_Your goal_
After locating the line with "怡然居每一季都有不同的套餐組", repeat it and every following line to the end of the listing, exactly. Omit the pictures.

_Collected data_
========

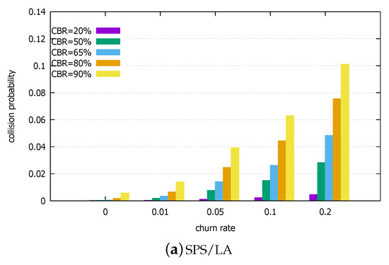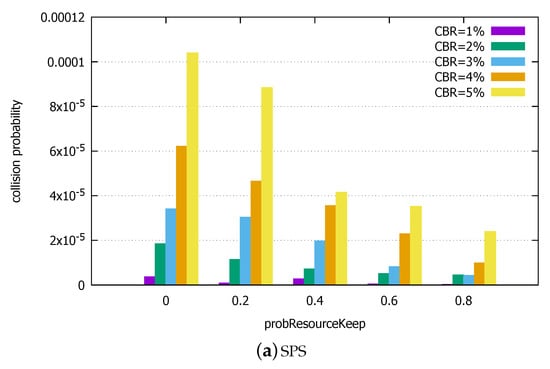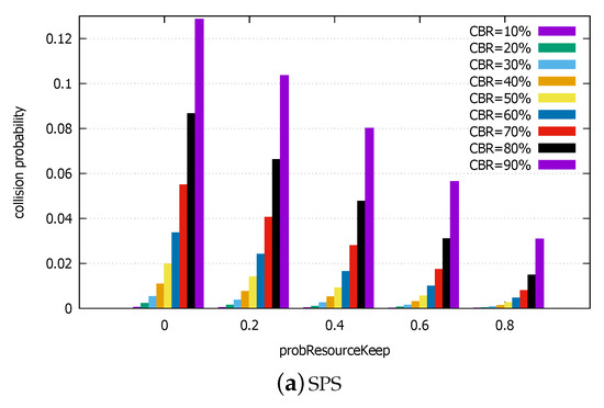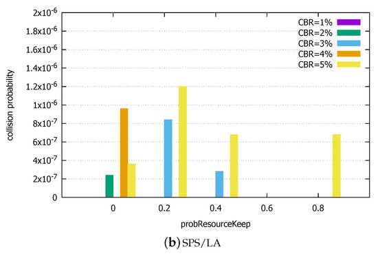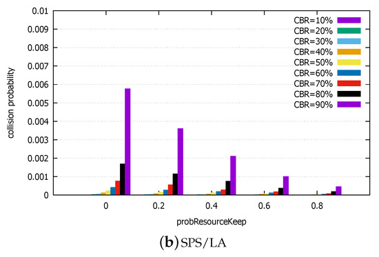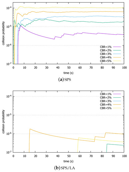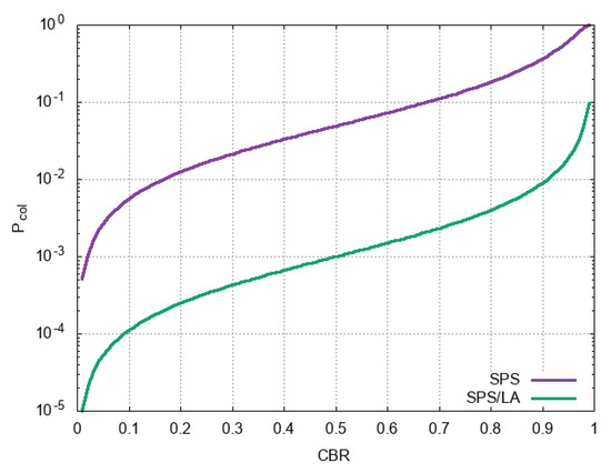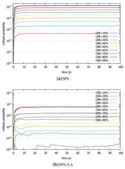 Now, we increase the CBR. Figure 8 shows the results. We notice that the collision probability far exceeds in SPS even for 10% CBR. This number is important because some prominent applications envisioned for 5G eV2X require 99.99% reliability (Table 3) [40]. 5G eV2X will probably use a different radio resource format, but still the SPS performance is disappointing. When the CBR reaches 90%, the collision probability is 12.8%. In SPS/LA, we notice that the collision probability is reduced by a factor of 10 or more compared with the original SPS. Again, this result is in line with the reselection collision probability analysis. In particular, the SPS/LA scheme keeps the probability under until the CBR exceeds 40%. Even when the CBR increase further, the performance gap between the two algorithms is maintained at more than an order of magnitude. For an extremely high CBR of 90%, the collision probability under SPS/LA is still under 0.6%, compared with 12.8% under SPS.
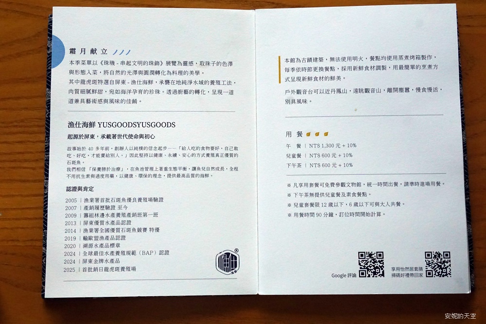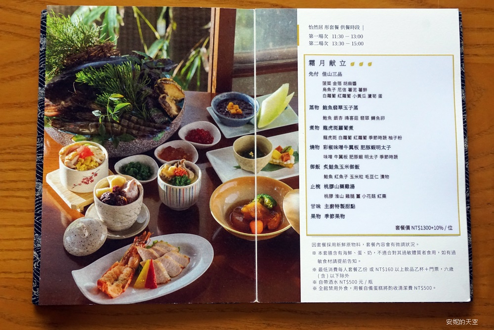 怡然居每一季都有不同的套餐組合,這一季為霜月献立,有先付、蓋物、煮物、燒物、御飯、止梚、甘味與果物,共8道餐點。
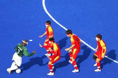 The three-versus-three sport, played with two giant goals at each end, sees players roll a ball with two bells in it. The defending players react to the sound and try and keep the ball out.
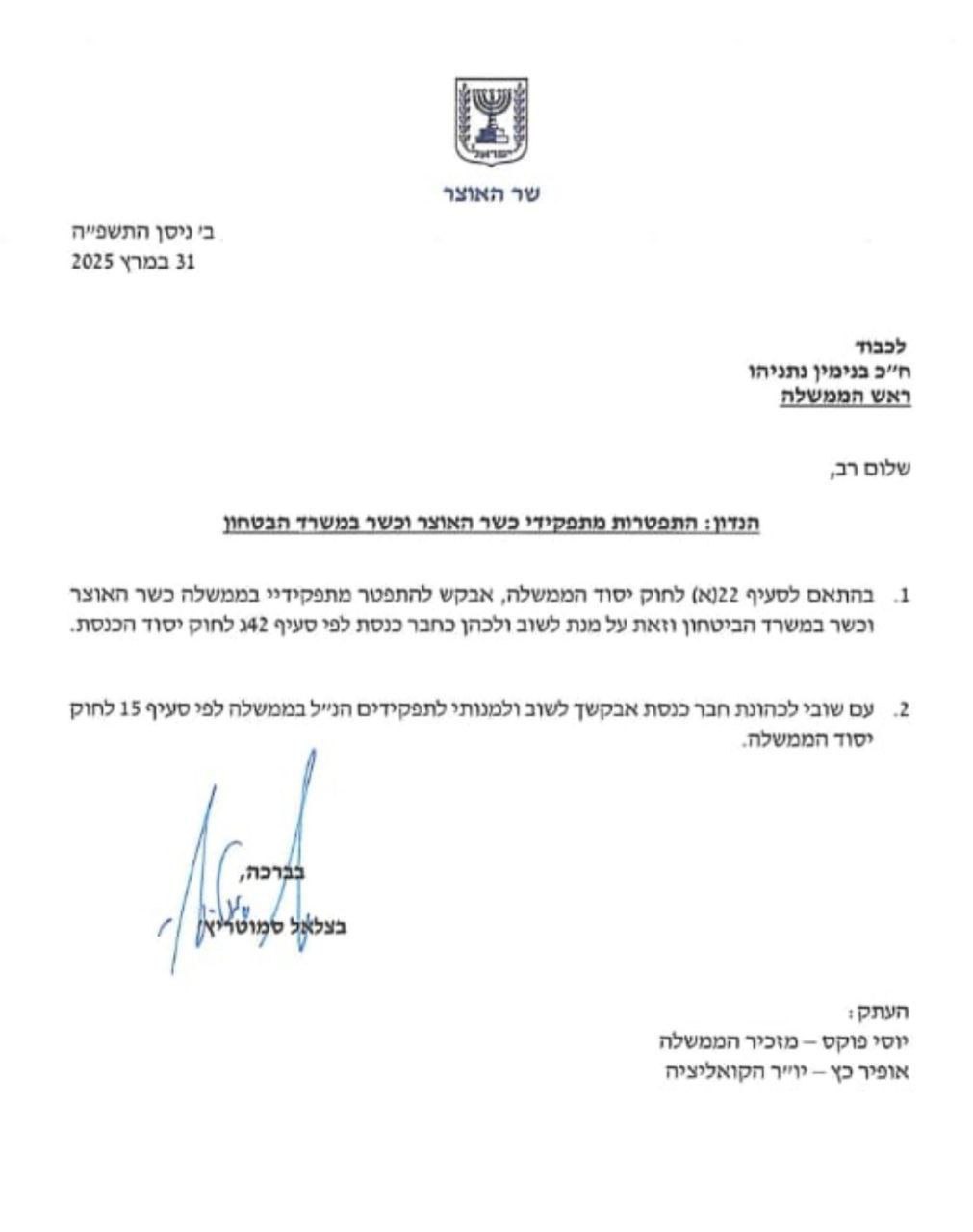 Сообщается, что Смотрич вернётся к исполнению своих обязанностей после того, как Кнессет проголосует за то, какая из двух партий — «Оцма Йехудит» во главе с Бен-Гвиром или «Религиозная сионистская партия» во главе со Смотричем — получит министерскую должность в Кнессете.

========

_Answer to this exercise_
 怡然居每一季都有不同的套餐組合,這一季為霜月献立,有先付、蓋物、煮物、燒物、御飯、止梚、甘味與果物,共8道餐點。
 The three-versus-three sport, played with two giant goals at each end, sees players roll a ball with two bells in it. The defending players react to the sound and try and keep the ball out.
 Сообщается, что Смотрич вернётся к исполнению своих обязанностей после того, как Кнессет проголосует за то, какая из двух партий — «Оцма Йехудит» во главе с Бен-Гвиром или «Религиозная сионистская партия» во главе со Смотричем — получит министерскую должность в Кнессете.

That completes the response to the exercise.